Required work: From the line with "Purana Quila in" through the line with "Eduardsturm Haiger", repeat the entries verbatim, both end lines included, and add nothing.

Start of Excerpted records

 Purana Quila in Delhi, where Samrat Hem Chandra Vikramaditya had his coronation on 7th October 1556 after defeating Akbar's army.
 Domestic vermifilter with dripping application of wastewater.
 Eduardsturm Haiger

End of Excerpted records
Start of Excerpted records

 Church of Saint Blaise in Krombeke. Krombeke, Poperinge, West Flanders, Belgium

End of Excerpted records

The answer:
 Purana Quila in Delhi, where Samrat Hem Chandra Vikramaditya had his coronation on 7th October 1556 after defeating Akbar's army.
 Domestic vermifilter with dripping application of wastewater.
 Eduardsturm Haiger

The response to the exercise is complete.